According to one embodiment, the method comprises steps executed by the microcircuit of: sending a request for a signature block, receiving in response a signature block together with a signature, calculating a signature of the signature block associated with the current value of the internal counter, using the second signature key, and if the calculated signature corresponds to the signature received: forming a data block with executable code and/or data stored in the volatile memory of the microcircuit, and to be backed up outside the microcircuit, calculating a signature of the data block, using the first signature key, inserting the calculated signature of the data block into the signature block, changing the current value of the internal counter, calculating a new signature of the signature block associated with the new value of the internal counter, using the second signature key, and sending outside the microcircuit, the data block, the signature block and the new signature of the signature block.

According to one embodiment, the method comprises steps of: if the calculated signature of the signature block corresponds to the signature received: sending a request for a data block backed up outside the microcircuit, receiving in response the requested data block, calculating a signature of the data block received, using the first signature key, and if the calculated signature of the data block corresponds to a signature of the data block located in the signature block, loading the data block into the volatile memory of the microcircuit.

According to one embodiment, the method comprises a step of breaking down the volatile memory of the microcircuit into data blocks which may be backed up outside the microcircuit, in association with a signature of the data block, backed up in the signature block.

According to one embodiment, the first and second signature keys are read in a non-volatile memory of the microcircuit or regenerated from a secret datum supplied by a circuit of the microcircuit.

According to one embodiment, the first and second signature keys are identical.

According to one embodiment, the method comprises a step of ciphering a data block or the signature block, using a ciphering key, before sending it outside the microcircuit.

According to one embodiment, the ciphering key is identical to the first or the second signature key.

According to one embodiment, each block is signed and/or ciphered with a signature or ciphering key different from the signature and/or ciphering keys used for the other blocks.

According to one embodiment, each signature key is generated from a secret datum obtained by an unclonable, substantially deterministic, non-invertible function (PUF) characteristic of the microcircuit, which, when combined with an error correction function or an averaging function, always provides the same secret datum.

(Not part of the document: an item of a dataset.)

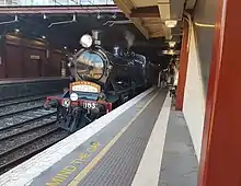 - K 190: Owned by VicTrack and operated by Steamrail Victoria, and as of September 2017 it is operating on the Victorian Goldfields Railway in Maldon. It is regularly used on suburban shuttles and on day tours to Geelong and similar-length trips. When first restored in 1977 at Bayswater and Newport, the engine was painted in a two-tone green livery using Dulux Verdant Green for the main body, British Paints Emerald Green for the wheels and borders, Sign Writer gold (lemon tint) for the lining; Dulux black enamel for the frames, tender bogies and smoke deflectors, Dulux bright red for the front and rear buffer beams, Dulux Cumberland Stone for the cab interior and Bituminious Black for the smokebox.[20] This lasted until 1992, after which the engine was returned to a plain black livery. In 1995, she was leased to the South Gippsland railway, and that organisation gave a simpler version of the green livery, using apple green on the boiler, cab, tender and cylinders (with limited dark green lining), red buffer beams both ends, and matt black frames and wheels.[21] By 4 November 2000 the engine had returned to Steamrail in Melbourne, and been repainted gloss black; by Easter of 2001 the front buffer beam had been repainted red.[22] The engine spent some time around 2010 on the Maldon railway. On Saturday 12 March 2016, the engine was restored to service in a new crimson with yellow, black and red livery, along the same lines as the R 766's previous livery. Both were inspired by the London, Midland and Scottish Railway's crimson lake livery.

According to one embodiment, the generation of each signature key comprises steps of: generating a random datum and an error correction datum from the random datum, generating the signature key from the random datum, obtaining a first secret datum from an unclonable, substantially deterministic, non-invertible function characteristic of the microcircuit, and combining by a first invertible logic function the first secret datum and the random datum, to obtain a datum exportable outside the microcircuit, the regeneration of each signature key comprising steps of: obtaining a second secret datum from the function characteristic of the microcircuit, and combining by a second logic function that is the inverse of the first logic function, the second secret datum and the exportable datum, applying to the result of the second logic function an error correction process using the error correction datum, to obtain the random datum, and generating the signature key from the random datum.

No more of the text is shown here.